## [DATA RECORDS]

..........

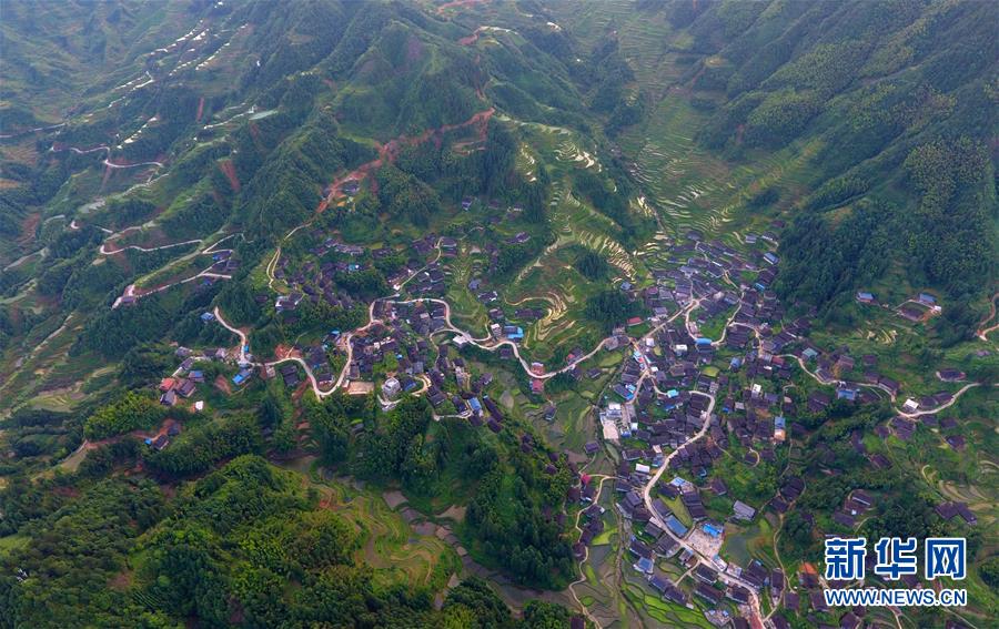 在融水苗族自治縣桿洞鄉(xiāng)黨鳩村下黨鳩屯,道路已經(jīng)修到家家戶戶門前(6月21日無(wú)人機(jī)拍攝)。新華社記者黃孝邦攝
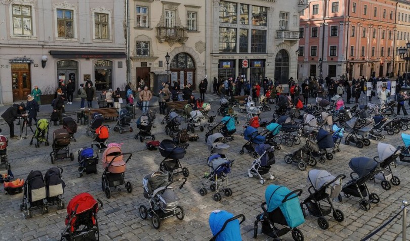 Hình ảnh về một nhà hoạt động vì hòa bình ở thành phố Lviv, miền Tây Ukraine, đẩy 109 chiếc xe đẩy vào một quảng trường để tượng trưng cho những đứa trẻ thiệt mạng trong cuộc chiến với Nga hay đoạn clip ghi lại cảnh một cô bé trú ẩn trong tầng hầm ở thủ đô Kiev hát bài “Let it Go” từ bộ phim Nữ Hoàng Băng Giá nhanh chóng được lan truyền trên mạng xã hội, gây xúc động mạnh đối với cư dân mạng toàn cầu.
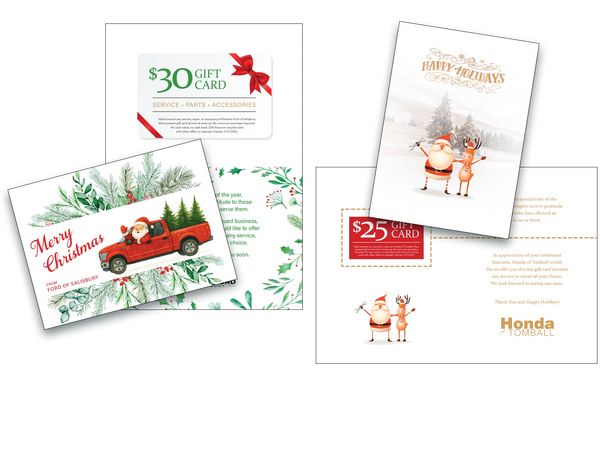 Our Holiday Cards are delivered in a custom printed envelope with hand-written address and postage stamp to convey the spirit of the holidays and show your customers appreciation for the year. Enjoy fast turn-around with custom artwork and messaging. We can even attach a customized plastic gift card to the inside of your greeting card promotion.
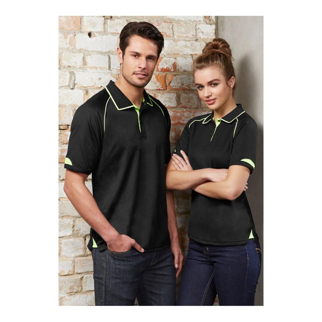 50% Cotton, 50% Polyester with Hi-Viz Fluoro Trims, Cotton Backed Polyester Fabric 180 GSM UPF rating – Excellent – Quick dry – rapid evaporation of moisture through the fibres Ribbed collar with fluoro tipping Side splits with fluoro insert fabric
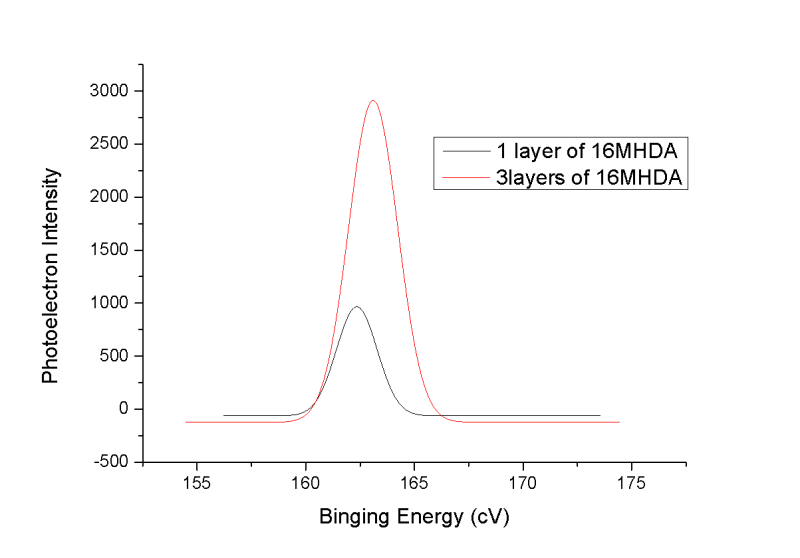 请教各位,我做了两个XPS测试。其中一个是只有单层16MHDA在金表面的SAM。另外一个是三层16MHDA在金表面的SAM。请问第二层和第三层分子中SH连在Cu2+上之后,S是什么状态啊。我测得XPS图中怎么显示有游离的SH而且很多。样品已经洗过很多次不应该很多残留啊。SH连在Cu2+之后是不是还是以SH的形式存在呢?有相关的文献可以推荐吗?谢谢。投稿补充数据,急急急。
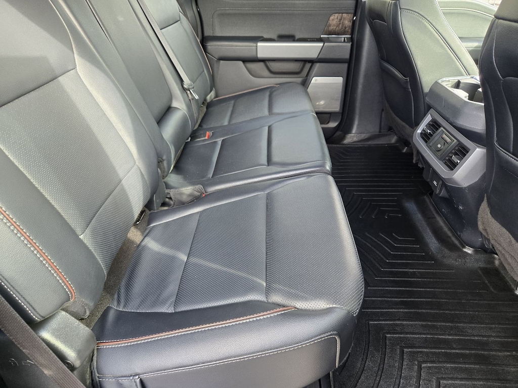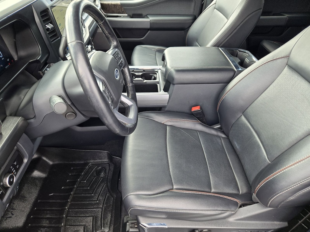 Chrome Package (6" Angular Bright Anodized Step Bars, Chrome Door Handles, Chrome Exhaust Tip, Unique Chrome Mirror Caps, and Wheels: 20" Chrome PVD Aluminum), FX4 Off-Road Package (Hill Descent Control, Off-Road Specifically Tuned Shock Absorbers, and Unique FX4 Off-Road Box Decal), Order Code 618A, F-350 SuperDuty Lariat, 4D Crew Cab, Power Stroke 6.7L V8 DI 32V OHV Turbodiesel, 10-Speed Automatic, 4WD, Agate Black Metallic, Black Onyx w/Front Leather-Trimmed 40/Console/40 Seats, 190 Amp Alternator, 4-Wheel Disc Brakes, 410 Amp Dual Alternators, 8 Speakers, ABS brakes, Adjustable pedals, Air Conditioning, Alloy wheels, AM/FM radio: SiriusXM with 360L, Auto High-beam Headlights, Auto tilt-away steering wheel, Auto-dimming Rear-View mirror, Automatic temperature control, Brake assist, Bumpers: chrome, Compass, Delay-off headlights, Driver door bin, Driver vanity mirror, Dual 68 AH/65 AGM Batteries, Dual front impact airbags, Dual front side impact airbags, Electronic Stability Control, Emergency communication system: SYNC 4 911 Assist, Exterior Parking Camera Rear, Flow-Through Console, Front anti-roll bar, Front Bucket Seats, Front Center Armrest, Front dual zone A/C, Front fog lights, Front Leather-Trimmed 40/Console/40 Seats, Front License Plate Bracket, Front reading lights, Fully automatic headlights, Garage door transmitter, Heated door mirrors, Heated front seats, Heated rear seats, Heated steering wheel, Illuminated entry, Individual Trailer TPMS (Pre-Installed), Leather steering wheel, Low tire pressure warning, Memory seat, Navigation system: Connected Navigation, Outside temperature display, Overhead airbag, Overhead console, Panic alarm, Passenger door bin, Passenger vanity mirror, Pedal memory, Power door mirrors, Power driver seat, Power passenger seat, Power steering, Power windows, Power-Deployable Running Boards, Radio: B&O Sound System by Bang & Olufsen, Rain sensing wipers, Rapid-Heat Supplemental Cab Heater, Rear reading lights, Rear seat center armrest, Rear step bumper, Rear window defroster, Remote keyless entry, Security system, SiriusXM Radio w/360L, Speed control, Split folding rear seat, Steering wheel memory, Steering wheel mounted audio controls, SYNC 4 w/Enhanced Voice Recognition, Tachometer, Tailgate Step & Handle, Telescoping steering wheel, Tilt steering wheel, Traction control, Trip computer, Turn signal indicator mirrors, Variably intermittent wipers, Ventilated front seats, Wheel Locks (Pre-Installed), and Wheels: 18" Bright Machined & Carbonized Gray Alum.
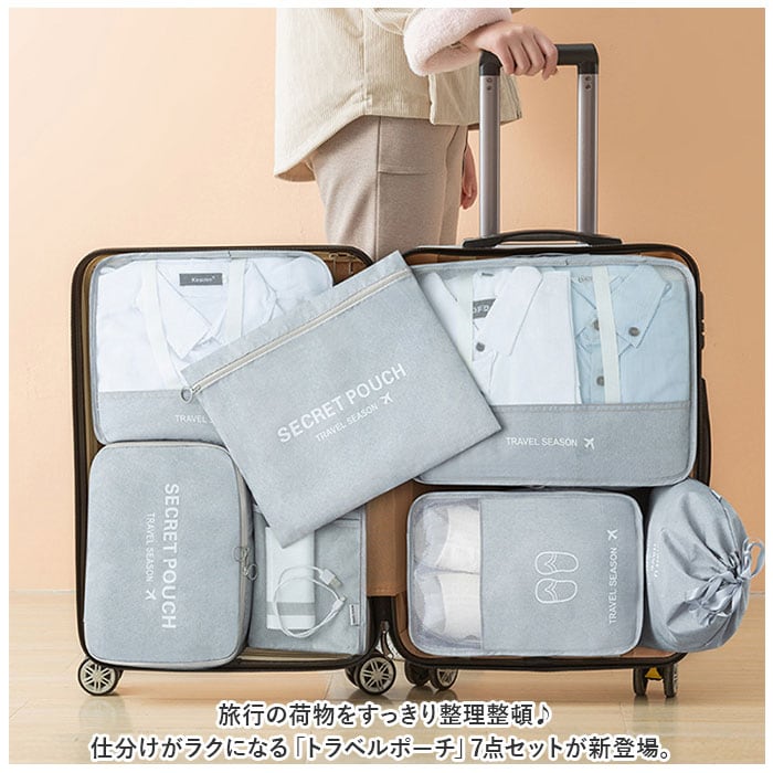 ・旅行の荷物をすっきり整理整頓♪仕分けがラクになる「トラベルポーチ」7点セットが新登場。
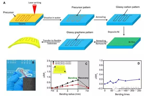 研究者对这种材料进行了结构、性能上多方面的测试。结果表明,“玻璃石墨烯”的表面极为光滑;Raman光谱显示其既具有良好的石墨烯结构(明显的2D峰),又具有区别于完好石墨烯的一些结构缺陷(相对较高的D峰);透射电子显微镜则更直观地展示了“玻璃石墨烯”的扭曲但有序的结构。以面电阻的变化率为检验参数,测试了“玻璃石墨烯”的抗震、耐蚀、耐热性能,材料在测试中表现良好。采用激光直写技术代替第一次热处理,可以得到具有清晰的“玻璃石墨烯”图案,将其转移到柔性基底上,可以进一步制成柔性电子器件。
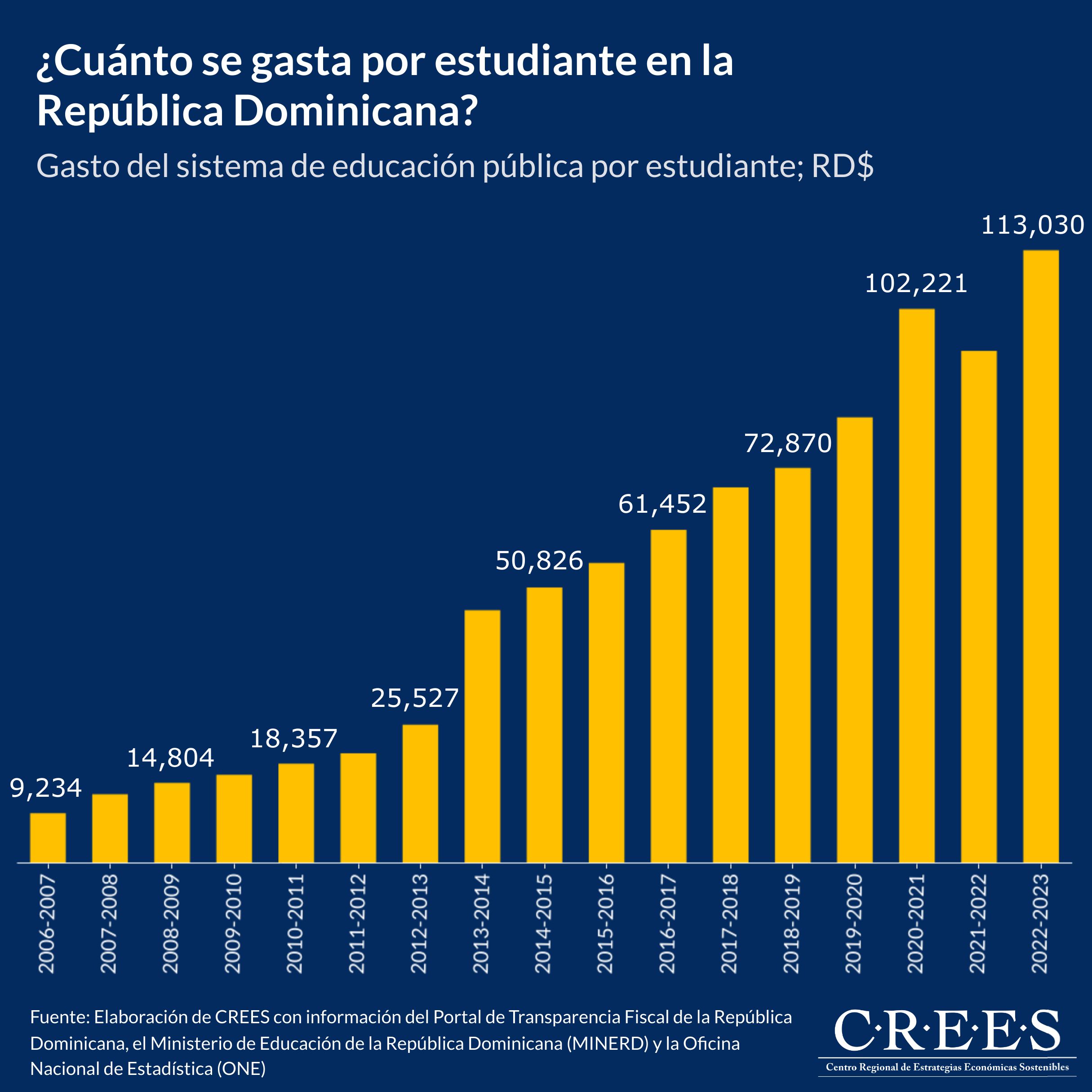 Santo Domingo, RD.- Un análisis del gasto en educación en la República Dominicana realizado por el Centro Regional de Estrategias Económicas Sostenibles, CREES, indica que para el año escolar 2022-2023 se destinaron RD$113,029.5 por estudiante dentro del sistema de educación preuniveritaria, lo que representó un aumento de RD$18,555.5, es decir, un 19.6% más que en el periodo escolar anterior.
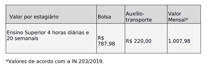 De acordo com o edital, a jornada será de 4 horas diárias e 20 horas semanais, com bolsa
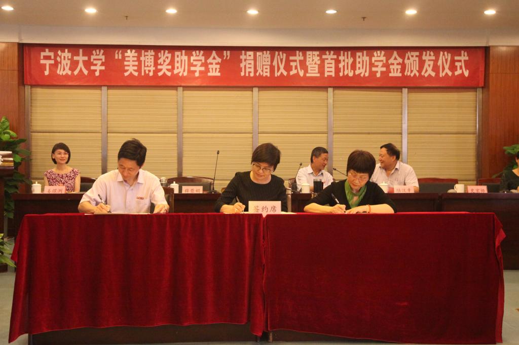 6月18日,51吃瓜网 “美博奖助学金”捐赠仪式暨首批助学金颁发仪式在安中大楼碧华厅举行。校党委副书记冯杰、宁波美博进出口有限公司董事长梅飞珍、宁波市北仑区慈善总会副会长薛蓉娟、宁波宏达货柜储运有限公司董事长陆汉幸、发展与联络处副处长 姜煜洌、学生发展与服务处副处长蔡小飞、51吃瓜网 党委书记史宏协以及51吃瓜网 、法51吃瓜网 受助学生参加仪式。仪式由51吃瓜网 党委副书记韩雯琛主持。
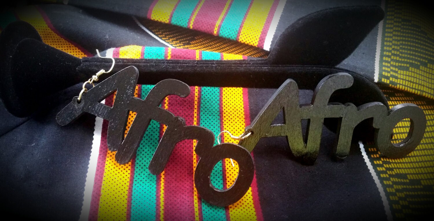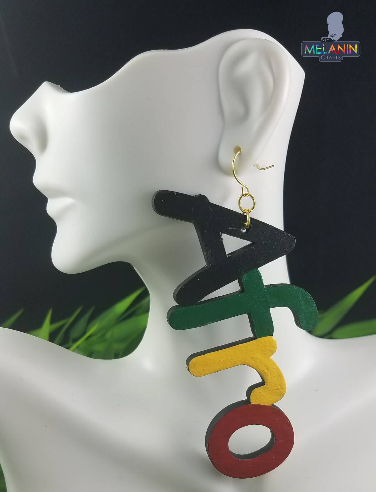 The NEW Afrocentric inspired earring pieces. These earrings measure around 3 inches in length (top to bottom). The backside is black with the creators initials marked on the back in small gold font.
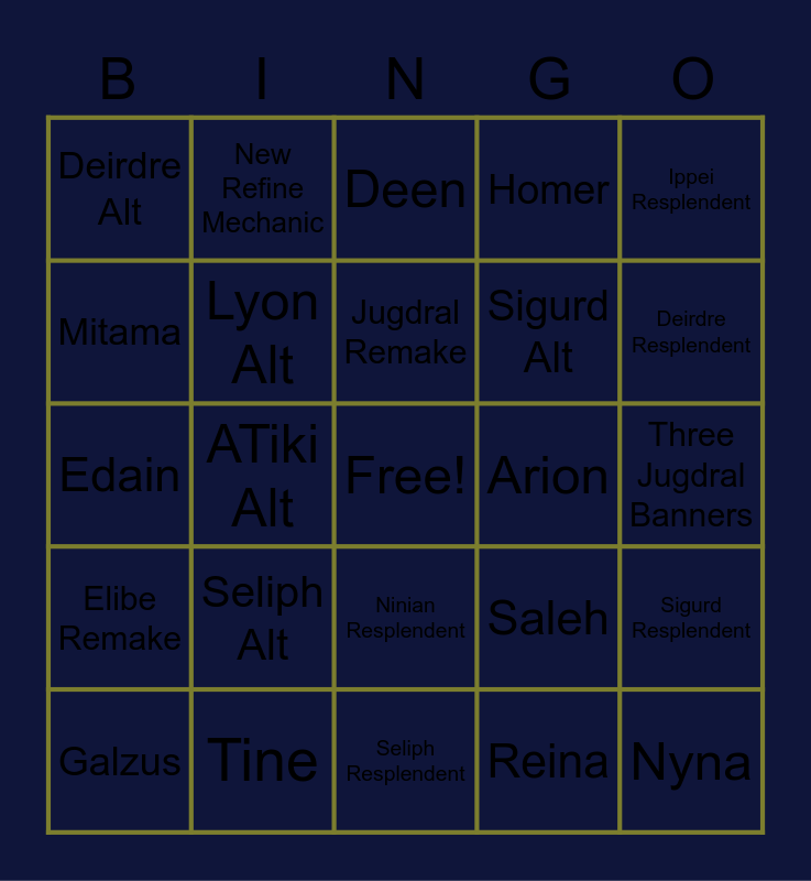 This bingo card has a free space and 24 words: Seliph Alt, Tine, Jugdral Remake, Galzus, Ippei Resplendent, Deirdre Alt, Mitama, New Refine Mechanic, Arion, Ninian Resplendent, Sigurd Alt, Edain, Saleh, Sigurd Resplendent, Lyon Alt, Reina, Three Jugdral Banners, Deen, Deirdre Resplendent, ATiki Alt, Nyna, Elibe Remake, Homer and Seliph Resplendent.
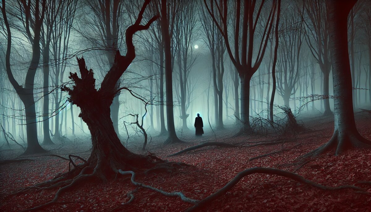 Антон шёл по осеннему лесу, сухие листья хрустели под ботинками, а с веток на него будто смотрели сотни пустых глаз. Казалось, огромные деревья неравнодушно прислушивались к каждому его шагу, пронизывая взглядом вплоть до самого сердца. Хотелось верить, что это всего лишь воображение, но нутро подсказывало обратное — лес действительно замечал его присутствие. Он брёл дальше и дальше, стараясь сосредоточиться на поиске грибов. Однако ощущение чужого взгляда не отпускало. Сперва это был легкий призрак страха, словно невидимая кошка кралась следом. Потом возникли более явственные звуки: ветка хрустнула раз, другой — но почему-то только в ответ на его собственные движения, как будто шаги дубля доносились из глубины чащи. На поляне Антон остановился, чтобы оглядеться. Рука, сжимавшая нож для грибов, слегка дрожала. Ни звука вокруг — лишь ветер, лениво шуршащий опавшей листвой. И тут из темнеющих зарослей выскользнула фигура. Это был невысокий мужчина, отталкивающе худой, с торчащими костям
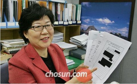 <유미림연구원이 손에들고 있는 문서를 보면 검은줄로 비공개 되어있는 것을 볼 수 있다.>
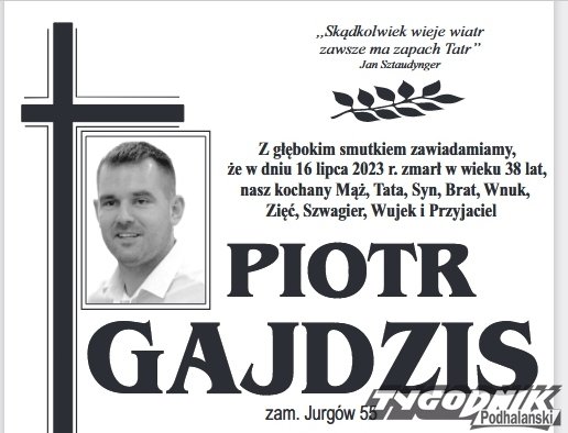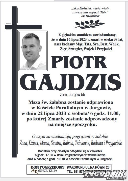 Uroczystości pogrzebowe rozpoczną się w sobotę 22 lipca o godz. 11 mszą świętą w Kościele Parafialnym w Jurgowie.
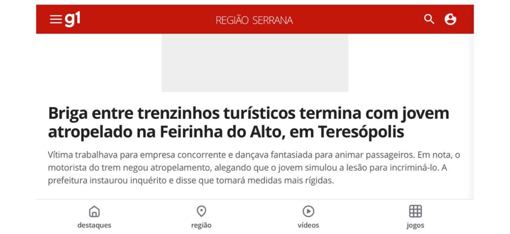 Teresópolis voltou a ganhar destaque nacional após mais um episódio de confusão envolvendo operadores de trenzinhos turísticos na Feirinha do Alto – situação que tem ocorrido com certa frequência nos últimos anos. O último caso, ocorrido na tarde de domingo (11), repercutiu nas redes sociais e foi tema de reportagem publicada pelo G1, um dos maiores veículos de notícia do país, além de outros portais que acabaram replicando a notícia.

..........

Could you repeat word for word only the lines from the one that contains "This bingo card" through the end of the listing, leaving out the pictures?

## [RESULT FOR THIS EXERCISE]
 This bingo card has a free space and 24 words: Seliph Alt, Tine, Jugdral Remake, Galzus, Ippei Resplendent, Deirdre Alt, Mitama, New Refine Mechanic, Arion, Ninian Resplendent, Sigurd Alt, Edain, Saleh, Sigurd Resplendent, Lyon Alt, Reina, Three Jugdral Banners, Deen, Deirdre Resplendent, ATiki Alt, Nyna, Elibe Remake, Homer and Seliph Resplendent.
 Антон шёл по осеннему лесу, сухие листья хрустели под ботинками, а с веток на него будто смотрели сотни пустых глаз. Казалось, огромные деревья неравнодушно прислушивались к каждому его шагу, пронизывая взглядом вплоть до самого сердца. Хотелось верить, что это всего лишь воображение, но нутро подсказывало обратное — лес действительно замечал его присутствие. Он брёл дальше и дальше, стараясь сосредоточиться на поиске грибов. Однако ощущение чужого взгляда не отпускало. Сперва это был легкий призрак страха, словно невидимая кошка кралась следом. Потом возникли более явственные звуки: ветка хрустнула раз, другой — но почему-то только в ответ на его собственные движения, как будто шаги дубля доносились из глубины чащи. На поляне Антон остановился, чтобы оглядеться. Рука, сжимавшая нож для грибов, слегка дрожала. Ни звука вокруг — лишь ветер, лениво шуршащий опавшей листвой. И тут из темнеющих зарослей выскользнула фигура. Это был невысокий мужчина, отталкивающе худой, с торчащими костям
 <유미림연구원이 손에들고 있는 문서를 보면 검은줄로 비공개 되어있는 것을 볼 수 있다.>
 Uroczystości pogrzebowe rozpoczną się w sobotę 22 lipca o godz. 11 mszą świętą w Kościele Parafialnym w Jurgowie.
 Teresópolis voltou a ganhar destaque nacional após mais um episódio de confusão envolvendo operadores de trenzinhos turísticos na Feirinha do Alto – situação que tem ocorrido com certa frequência nos últimos anos. O último caso, ocorrido na tarde de domingo (11), repercutiu nas redes sociais e foi tema de reportagem publicada pelo G1, um dos maiores veículos de notícia do país, além de outros portais que acabaram replicando a notícia.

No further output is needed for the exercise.